Every line of the listing below from the one with "WWS795/101 Tartans Black Watch" up to and including the one with "Hawthorn hedge with haws, Cashmere Road" should be retyped exactly, and nothing else; pictures are not part of the copy.

(Data to use)

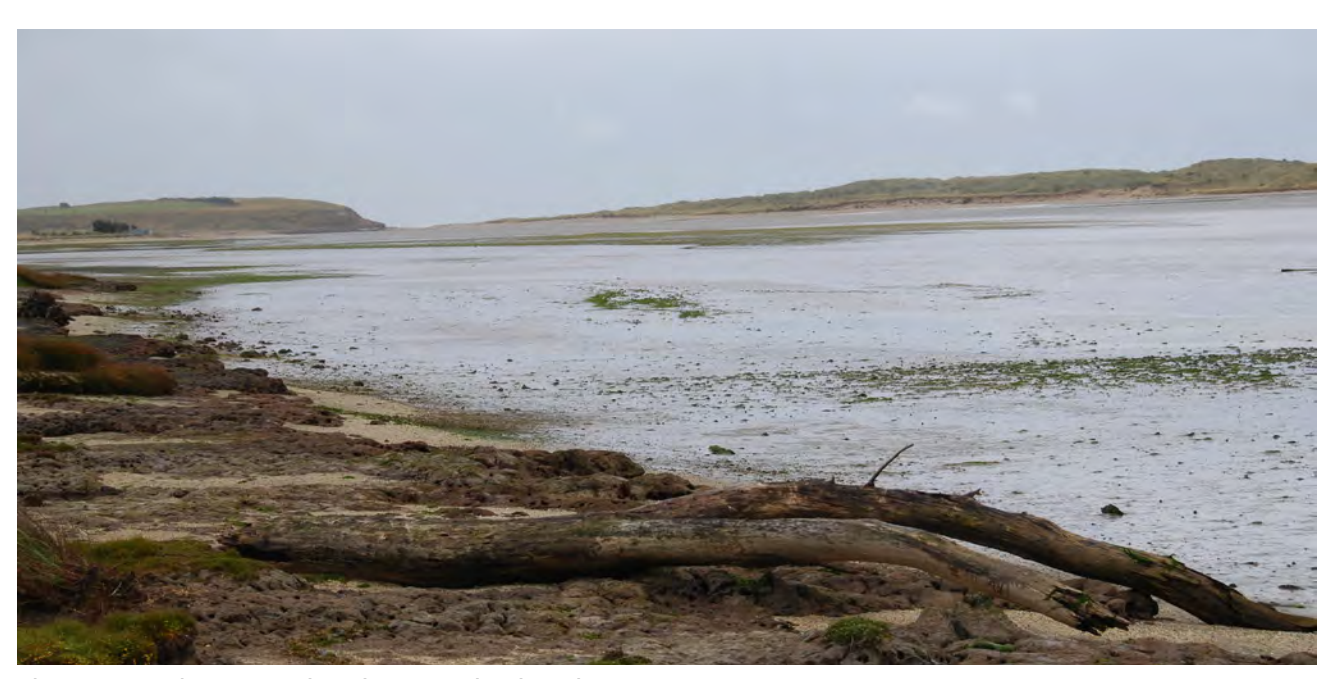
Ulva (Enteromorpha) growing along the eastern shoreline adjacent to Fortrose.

(End Data to use)
(Data to use)

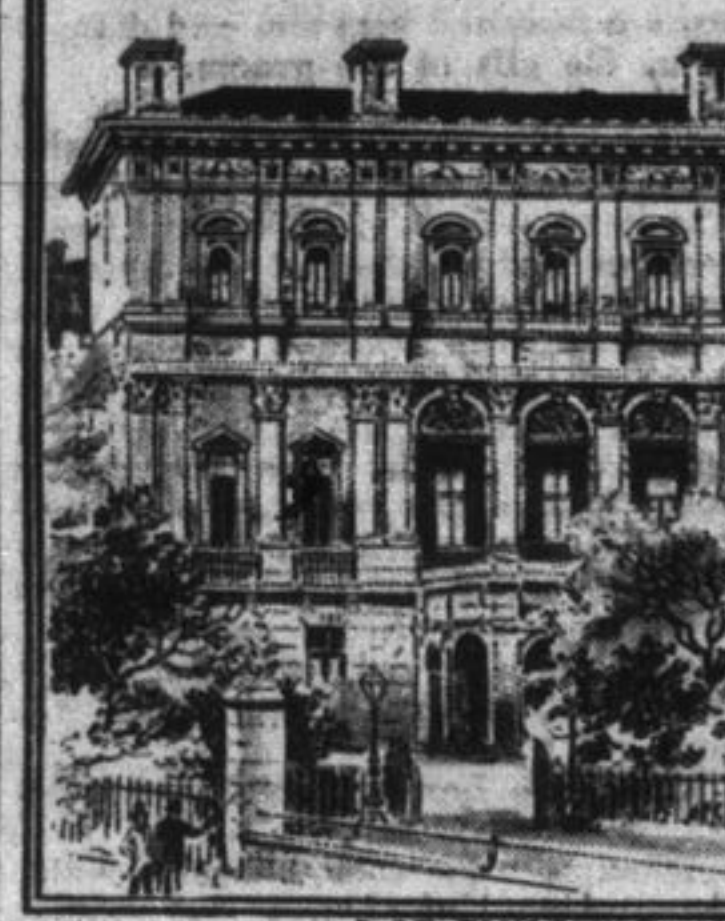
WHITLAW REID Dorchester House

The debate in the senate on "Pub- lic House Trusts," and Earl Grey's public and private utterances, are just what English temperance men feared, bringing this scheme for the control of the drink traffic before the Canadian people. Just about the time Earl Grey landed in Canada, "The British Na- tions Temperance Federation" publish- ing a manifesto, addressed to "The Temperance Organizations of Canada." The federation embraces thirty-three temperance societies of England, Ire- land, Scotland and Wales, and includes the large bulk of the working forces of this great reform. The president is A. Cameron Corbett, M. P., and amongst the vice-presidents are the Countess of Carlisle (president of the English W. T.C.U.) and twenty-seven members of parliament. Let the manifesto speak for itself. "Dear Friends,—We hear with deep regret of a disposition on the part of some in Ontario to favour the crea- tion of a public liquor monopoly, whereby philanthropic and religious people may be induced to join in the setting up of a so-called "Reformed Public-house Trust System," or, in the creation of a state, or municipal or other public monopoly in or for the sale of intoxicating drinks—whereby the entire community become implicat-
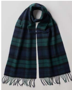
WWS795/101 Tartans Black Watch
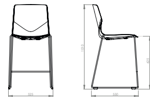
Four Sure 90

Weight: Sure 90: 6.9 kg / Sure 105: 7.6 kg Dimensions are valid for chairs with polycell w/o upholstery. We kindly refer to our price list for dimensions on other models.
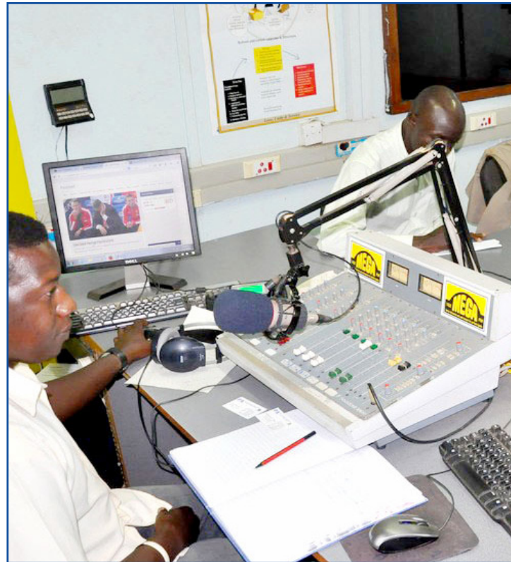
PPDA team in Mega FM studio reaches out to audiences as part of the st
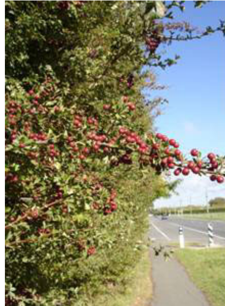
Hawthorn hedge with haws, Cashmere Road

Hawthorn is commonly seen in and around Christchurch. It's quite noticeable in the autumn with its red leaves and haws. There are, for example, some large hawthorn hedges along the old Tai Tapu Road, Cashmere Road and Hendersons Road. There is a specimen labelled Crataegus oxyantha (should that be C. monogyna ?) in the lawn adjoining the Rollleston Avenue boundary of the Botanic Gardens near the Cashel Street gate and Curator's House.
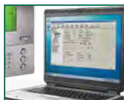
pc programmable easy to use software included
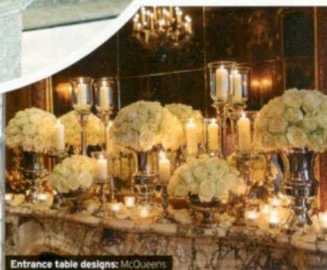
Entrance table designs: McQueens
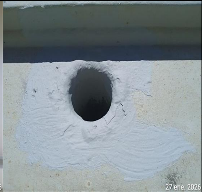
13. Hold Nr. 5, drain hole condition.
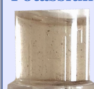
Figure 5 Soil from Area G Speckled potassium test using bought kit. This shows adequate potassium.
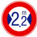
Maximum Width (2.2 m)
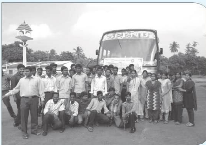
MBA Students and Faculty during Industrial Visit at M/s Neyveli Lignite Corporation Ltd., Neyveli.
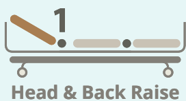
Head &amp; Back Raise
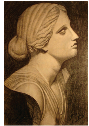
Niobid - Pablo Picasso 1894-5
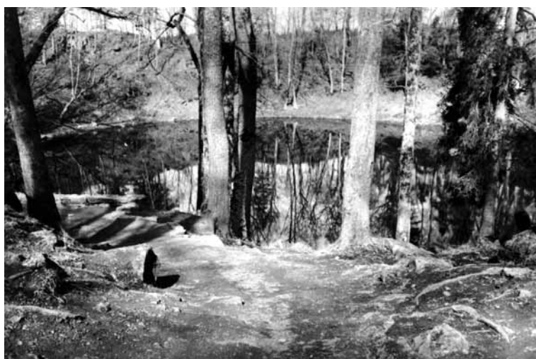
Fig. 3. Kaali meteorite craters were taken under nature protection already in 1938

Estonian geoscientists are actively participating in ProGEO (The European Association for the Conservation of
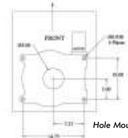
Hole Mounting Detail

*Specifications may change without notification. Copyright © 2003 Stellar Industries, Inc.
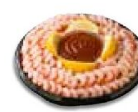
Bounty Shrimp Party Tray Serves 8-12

(End Data to use)

• Output below:
WWS795/101 Tartans Black Watch
Four Sure 90

Weight: Sure 90: 6.9 kg / Sure 105: 7.6 kg Dimensions are valid for chairs with polycell w/o upholstery. We kindly refer to our price list for dimensions on other models.
PPDA team in Mega FM studio reaches out to audiences as part of the st
Hawthorn hedge with haws, Cashmere Road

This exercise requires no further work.